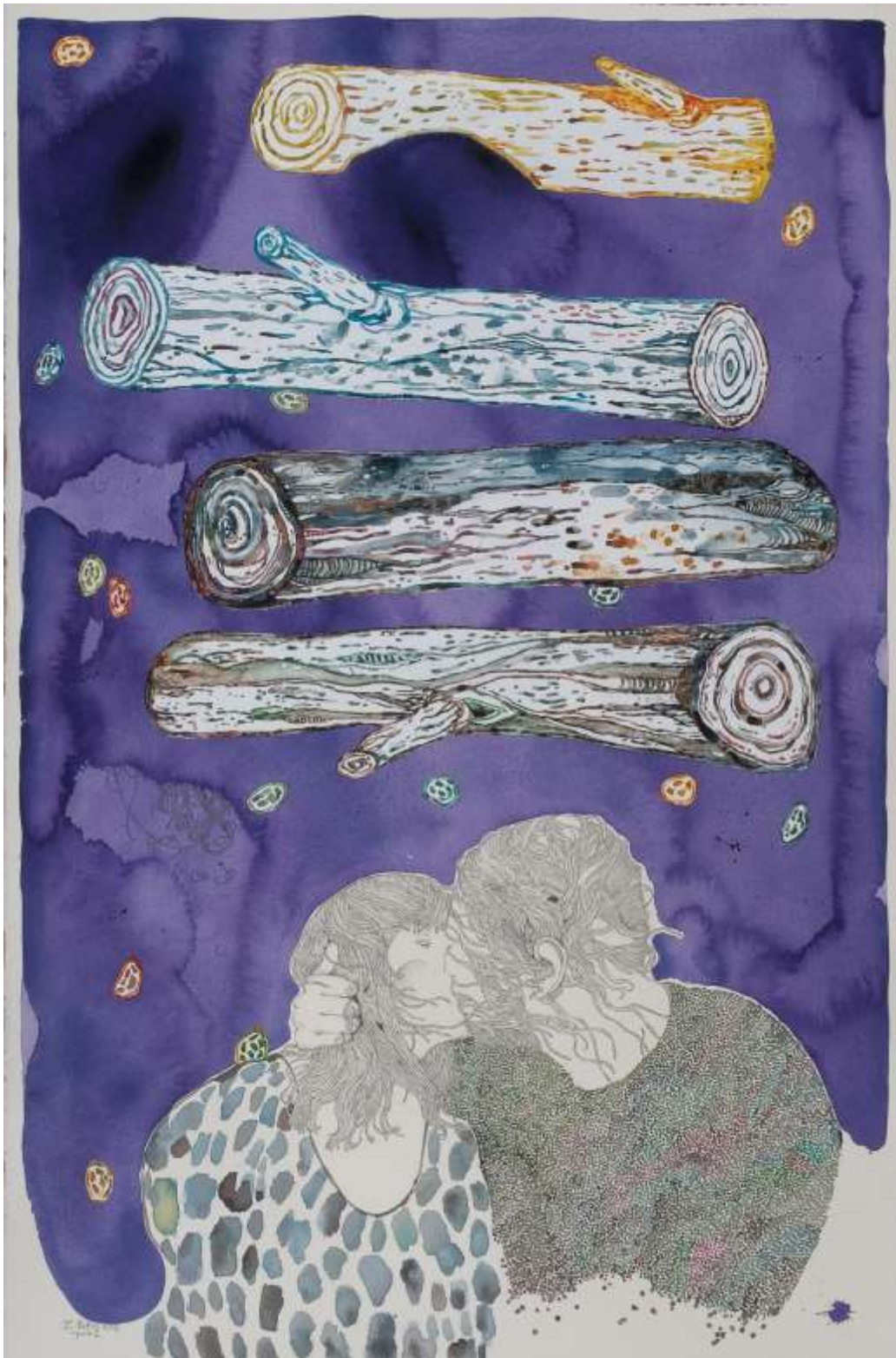
Landscapes, 2013, Μεικτή τεχνική σε χαρτί | Mixed media on paper, 70 x 100 εκ. | cm
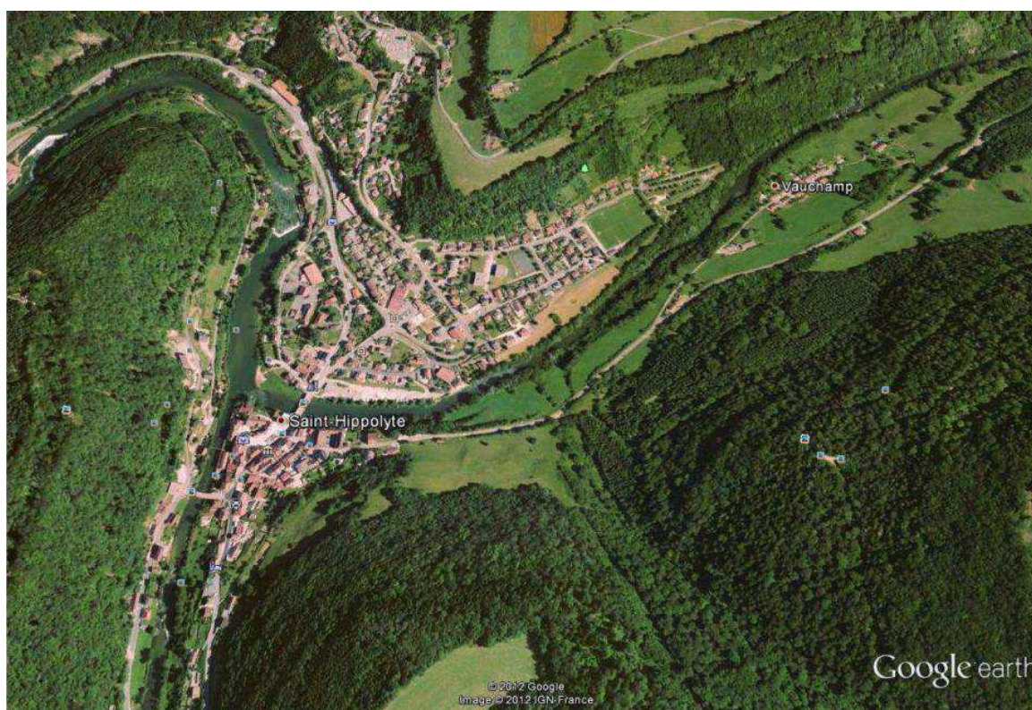
Carte satellite du secteur de St Hippolyte
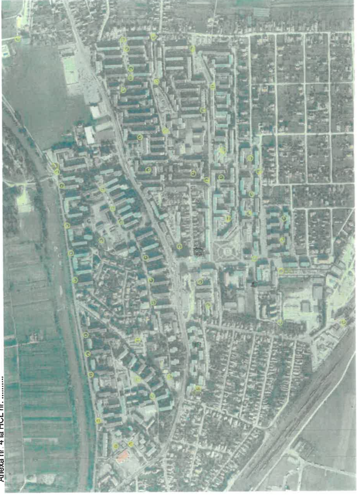
Anexa nr. 4 la HCL nr. ....
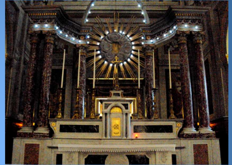
L'autel dans le chœur est surmonté d'une colonnade en marbre au centre de laquelle se manifeste la gloire de Dieu (livre d'Ézéchiel) : « L'Éternel appelle Moïse du milieu de la nuée. »
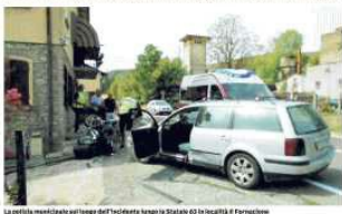
Un'auto e un motociclista sul luogo dell'incidente lungo la statale 63 di Vezzano. Il Ferito è stato trasferito al pronto soccorso del Santa Maria Nuova. Il 71enne non è grave: pare possa cavarsela con una prognosi di pochi giorni. I rilievi dell'incidente sono stati eseguiti dalla polizia municipale Unione Colline Matildiche

di Domenico Amidati VEZZANO Un motociclista è rimasto ferito, per fortuna in modo non grave, in incidente stradale nel territorio di Vezzano. È accaduto ieri mattina intorno alle 11.30 lungo la statale 63 in località Il Fornacione, di fronte alla ex fornace di Dall' Aglio. Un motociclista di 71 anni, residente a Reggio Emilia, era in sella ad una Bmw 1200 e saliva verso la montagna quando all' improvviso ha sbandato e ha centrato la portiera di una Volkswagen Passat familiare condotta da un 54enne di Canossa, che viaggiava nella stessa direzione di marcia e che stava svoltando a sinistra per raggiungere un' abitazione di via Roma Sud. Probabilmente il motociclista si è accorto troppo tardi che la macchina stava rallentava per svoltare e non ha avuto il tempo di frenare. L' impatto è stato violento e il motociclista prima ha sbattuto contro la portiera del lato guidatore, poi ha terminato la corsa sul marciapiede di una
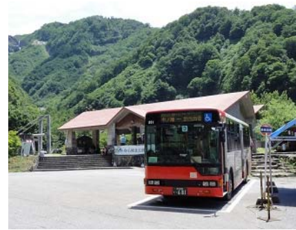
別当出合バスのりば
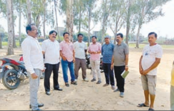
तैयारियों का जायजा लेने पहुंचे भाजपा के पदाधिकारी
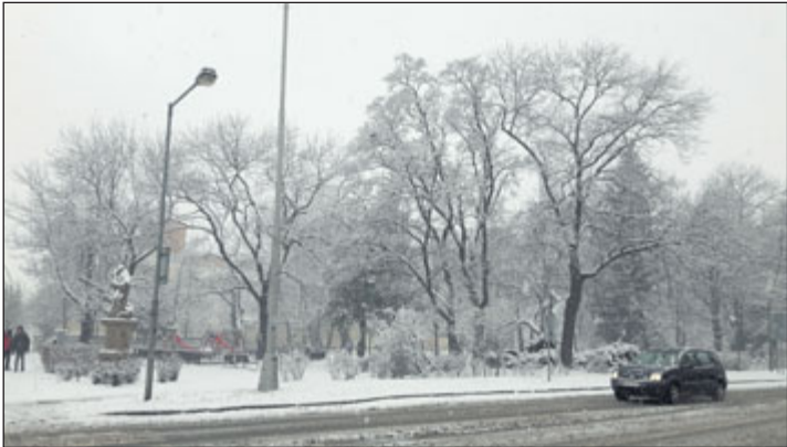
Bezručův park v Kroměříži bude brzy „hlídat“ nová kamera. Ta dále rozšíří kamerový systém, se kterým se v Kroměříži začínalo v roce 2001.

────────────────

Exercise details: Go through the data above and transcribe it in full, omitting any image.

Exercise answer:
Landscapes, 2013, Μεικτή τεχνική σε χαρτί | Mixed media on paper, 70 x 100 εκ. | cm
Carte satellite du secteur de St Hippolyte
Anexa nr. 4 la HCL nr. ....
L'autel dans le chœur est surmonté d'une colonnade en marbre au centre de laquelle se manifeste la gloire de Dieu (livre d'Ézéchiel) : « L'Éternel appelle Moïse du milieu de la nuée. »
Un'auto e un motociclista sul luogo dell'incidente lungo la statale 63 di Vezzano. Il Ferito è stato trasferito al pronto soccorso del Santa Maria Nuova. Il 71enne non è grave: pare possa cavarsela con una prognosi di pochi giorni. I rilievi dell'incidente sono stati eseguiti dalla polizia municipale Unione Colline Matildiche

di Domenico Amidati VEZZANO Un motociclista è rimasto ferito, per fortuna in modo non grave, in incidente stradale nel territorio di Vezzano. È accaduto ieri mattina intorno alle 11.30 lungo la statale 63 in località Il Fornacione, di fronte alla ex fornace di Dall' Aglio. Un motociclista di 71 anni, residente a Reggio Emilia, era in sella ad una Bmw 1200 e saliva verso la montagna quando all' improvviso ha sbandato e ha centrato la portiera di una Volkswagen Passat familiare condotta da un 54enne di Canossa, che viaggiava nella stessa direzione di marcia e che stava svoltando a sinistra per raggiungere un' abitazione di via Roma Sud. Probabilmente il motociclista si è accorto troppo tardi che la macchina stava rallentava per svoltare e non ha avuto il tempo di frenare. L' impatto è stato violento e il motociclista prima ha sbattuto contro la portiera del lato guidatore, poi ha terminato la corsa sul marciapiede di una
別当出合バスのりば
तैयारियों का जायजा लेने पहुंचे भाजपा के पदाधिकारी
Bezručův park v Kroměříži bude brzy „hlídat“ nová kamera. Ta dále rozšíří kamerový systém, se kterým se v Kroměříži začínalo v roce 2001.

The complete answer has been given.